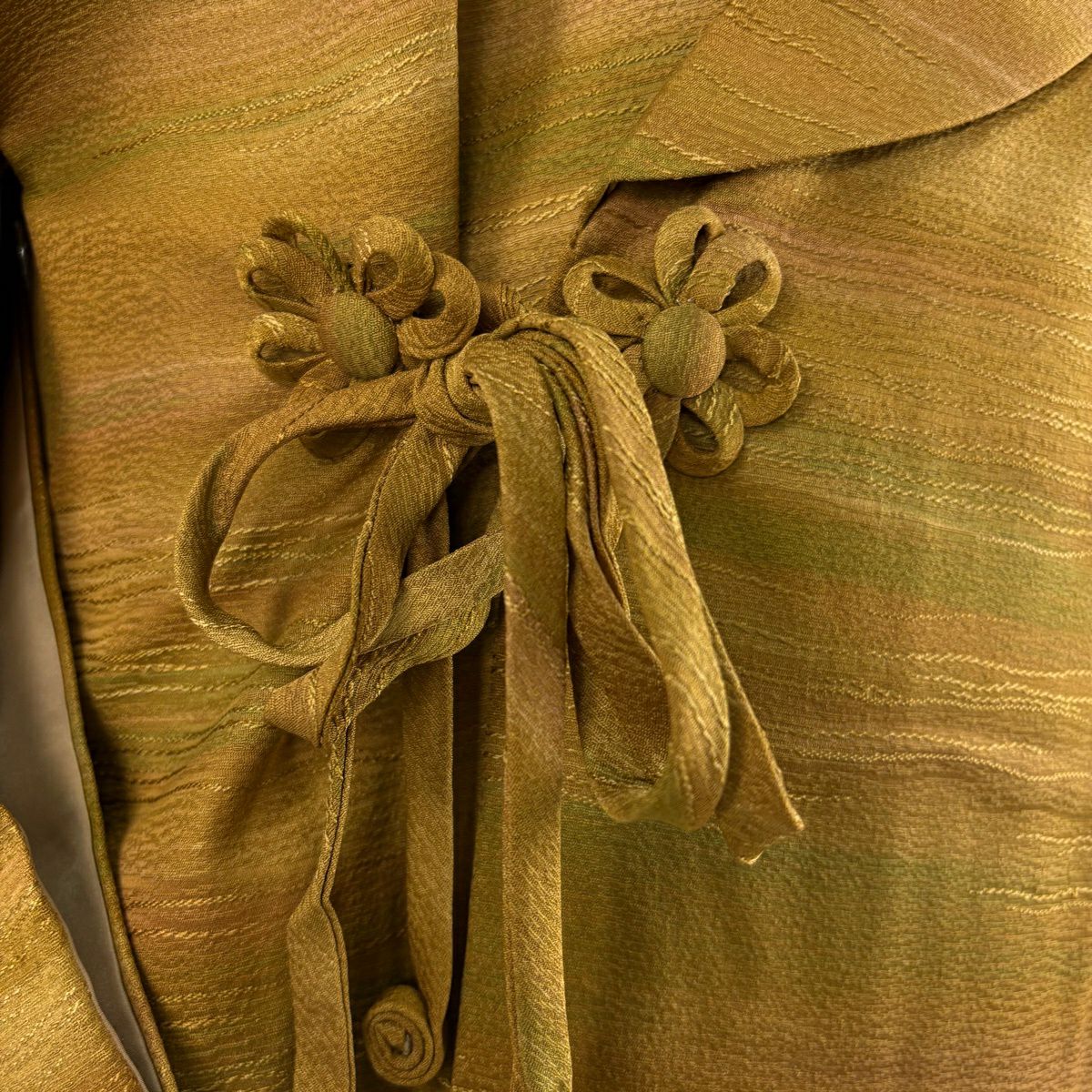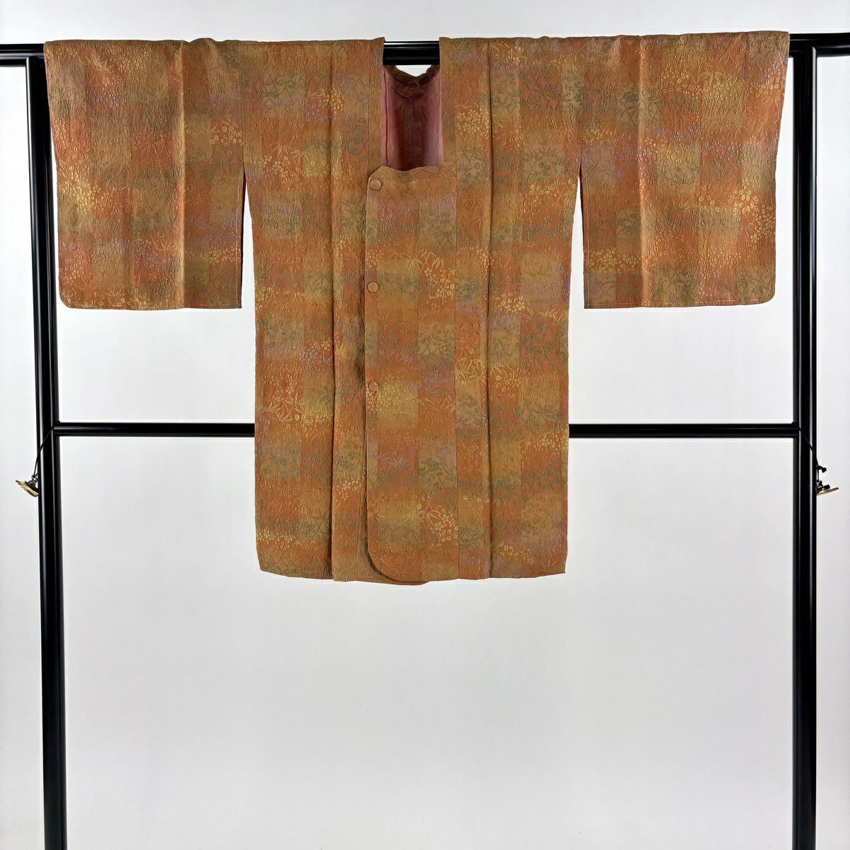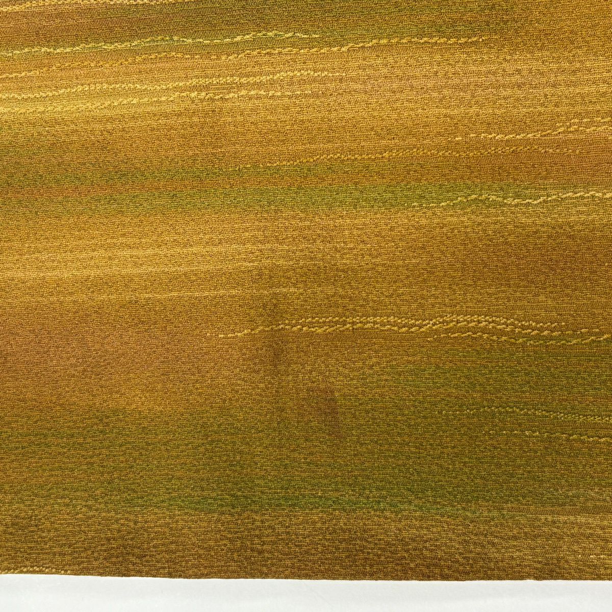 50%OFF 道中着 身丈100cm 裄丈64cm M 和装コート へちま衿 横縞 ぼかし 黄土色 正絹 秀品 K50
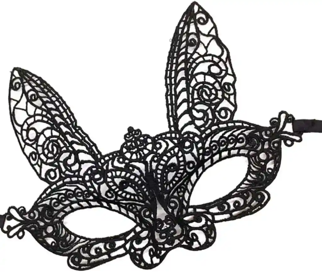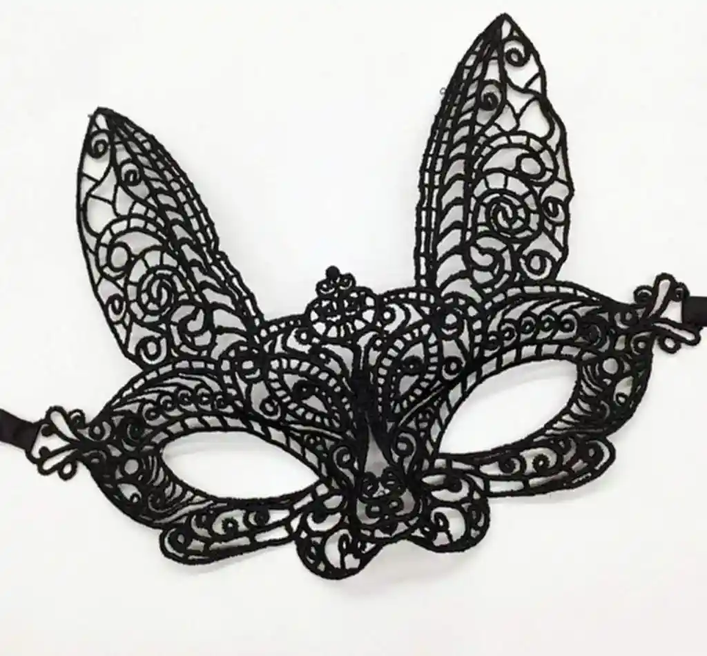 • Siyah Renk Dantel Kesim Dantel İşlemeli Balo Parti Maskesi 7 No
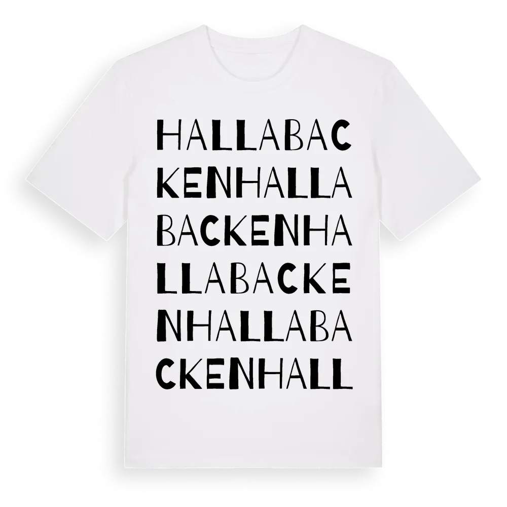 Hallabacken ordlek t-shirt är inspirerad av Hallabacken i Kronobergs län, Sverige. Tröjan är designad för dig som har en speciell koppling till platsen – oavsett om du bor här, har rötterna här eller bara älskar Hallabacken.
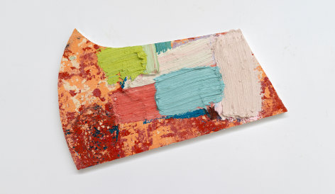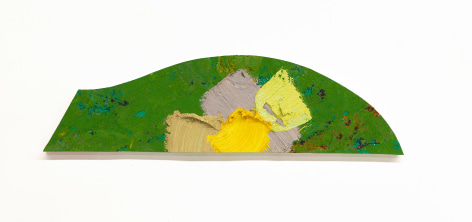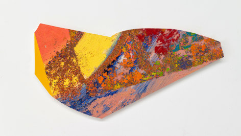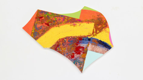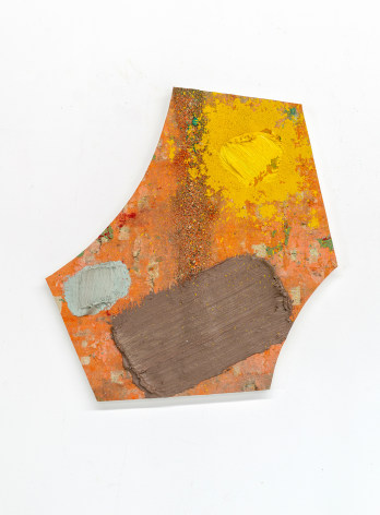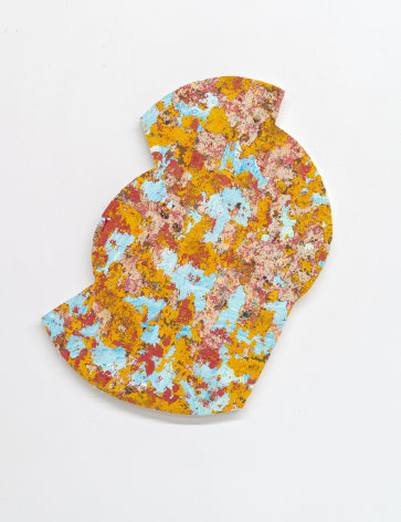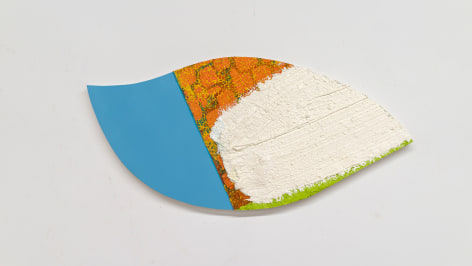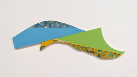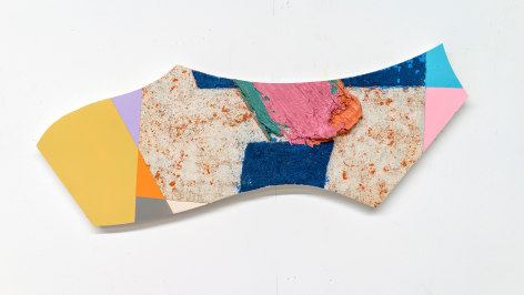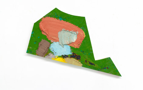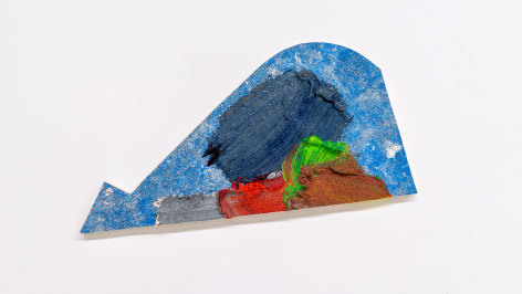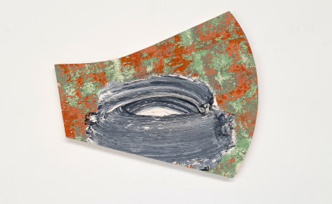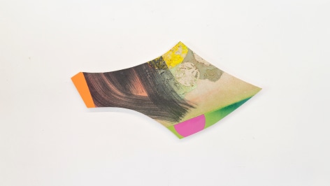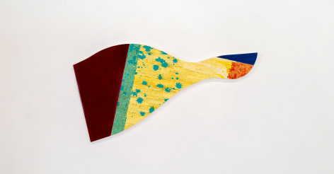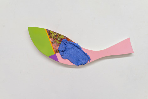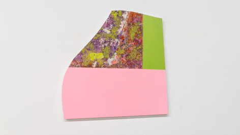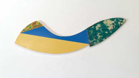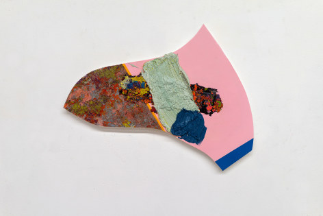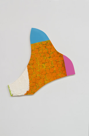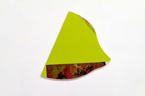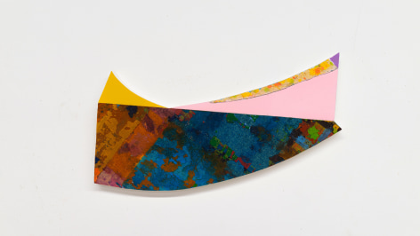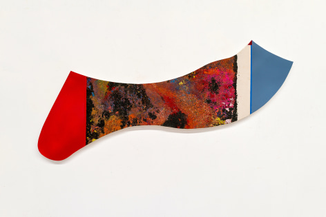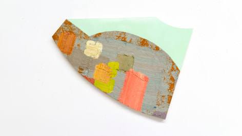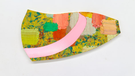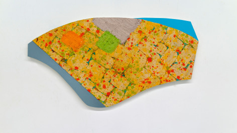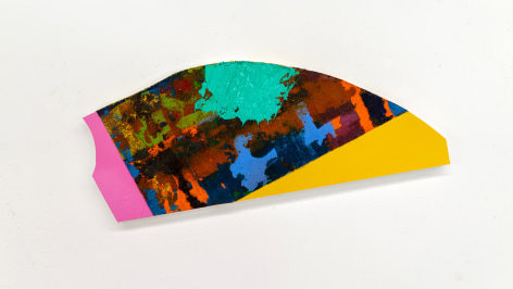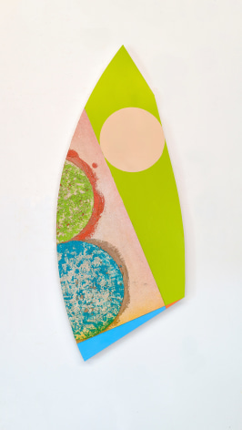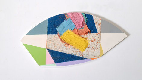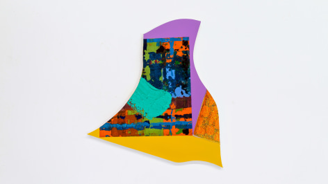 I began a new series of shaped works during the early stages of the pandemic. The fragmentation of our lives resonated in my creative procces. Borders become irregular. Images emerged as collaged fraction of my imagination.
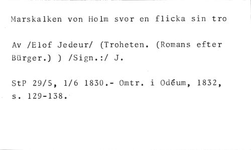 Marskalken von Holm svor en flicka sin tro //// Av /Elof Jedeur/ (Troheten. (Romans efter Biirger.) ) /Sign.:/ J. //// StP 29/5, 1/6 1830.- Omtr. i Od6um, 1832, s. 129-138.
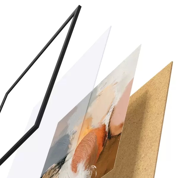 Plakat składa się z ramy, pleksi, wydrukowanego obrazu i podkładu z płyty wiórowej. Plakat można natychmiast zawiesić na ścianie dzięki uchwytom z tyłu.
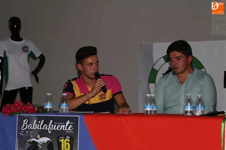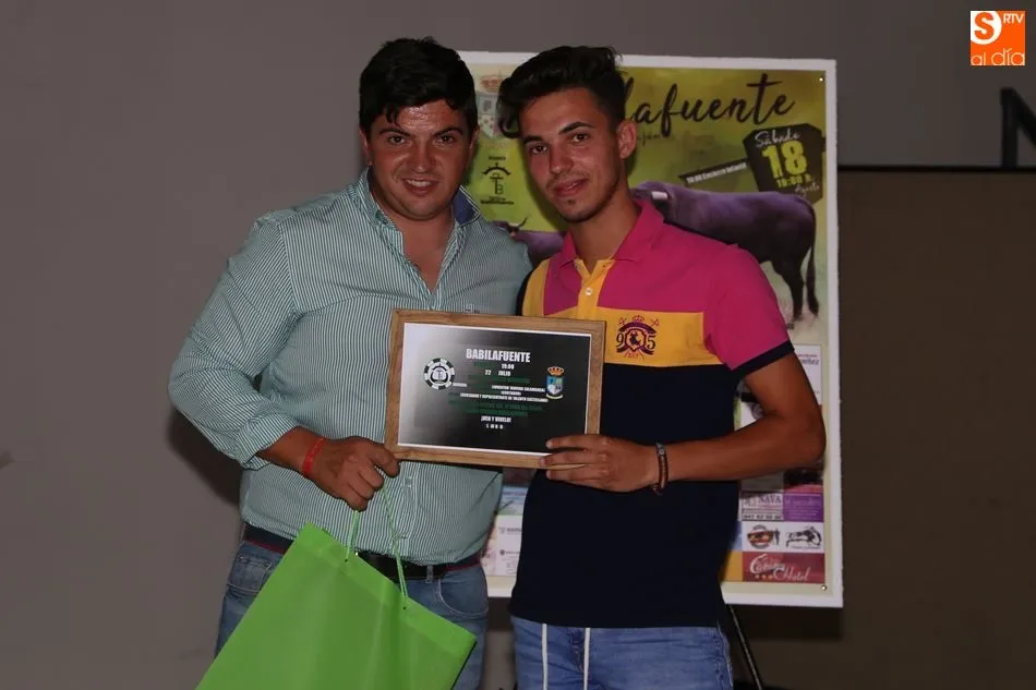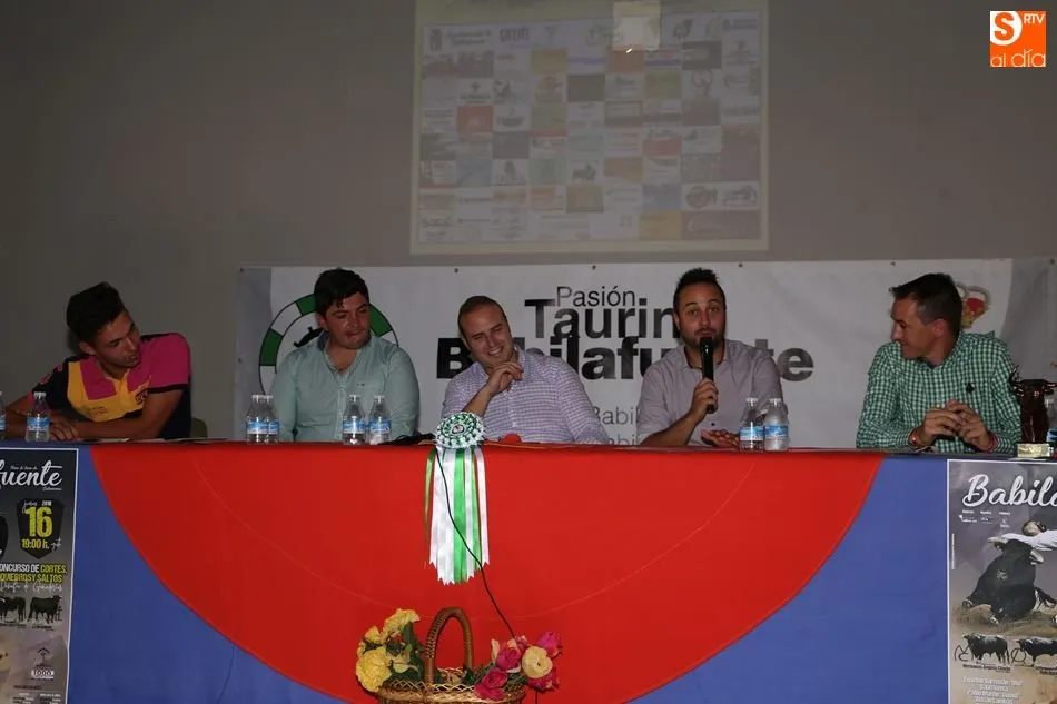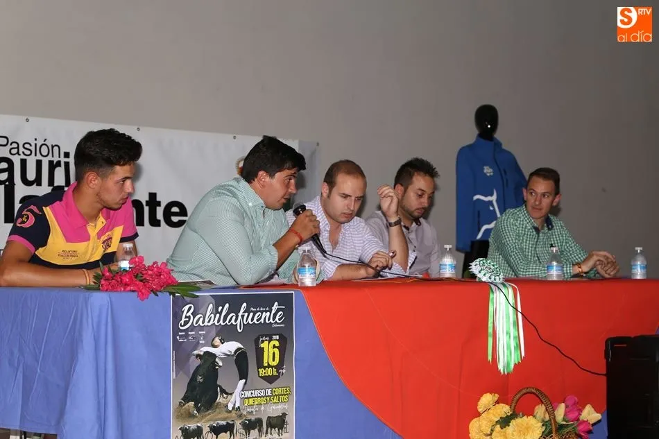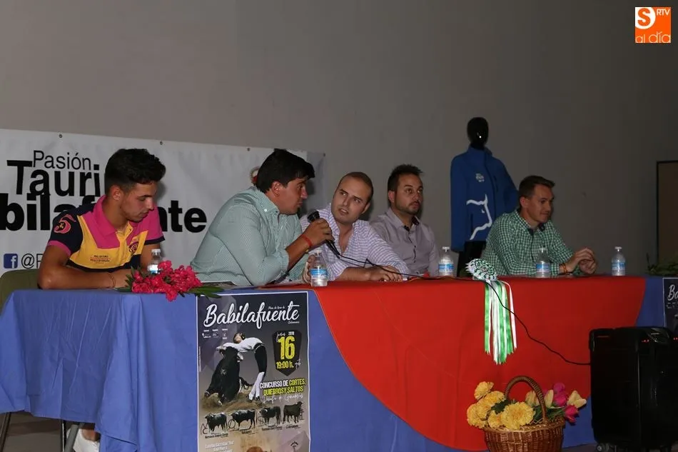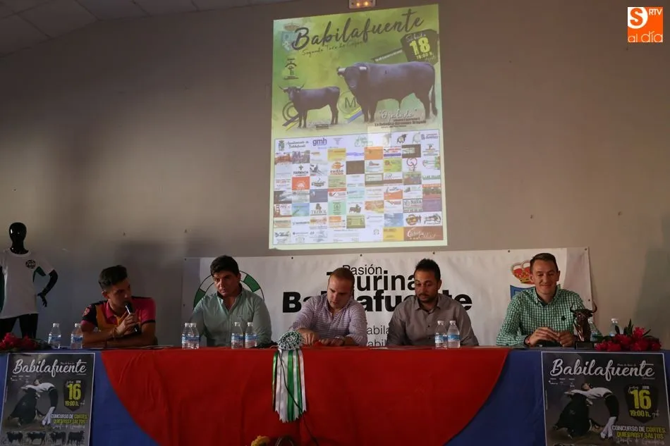 Ambos festejos han sido presentados este domingo en el multiusos de Babilafuente en un acto conducido por Rubén Gudino, de Juventud Taurina de Salamanca. Han intervenido el recortador David Sánchez; el empresario organizador del concurso de cortes, Chema Sánchez; el presidente de Pasión Taurina Babilafuente, Francisco José García; y el vicepresidente de la asociación babilafuentina, Daniel García.

--

▶ **WHAT YOU NEED TO DO**:
Everything from the top line of the data down to and including the line with "Hallabacken ordlek t-shirt" is to be copied, except the pictures.

▶ **TASK OUTPUT**:
 50%OFF 道中着 身丈100cm 裄丈64cm M 和装コート へちま衿 横縞 ぼかし 黄土色 正絹 秀品 K50
 • Siyah Renk Dantel Kesim Dantel İşlemeli Balo Parti Maskesi 7 No
 Hallabacken ordlek t-shirt är inspirerad av Hallabacken i Kronobergs län, Sverige. Tröjan är designad för dig som har en speciell koppling till platsen – oavsett om du bor här, har rötterna här eller bara älskar Hallabacken.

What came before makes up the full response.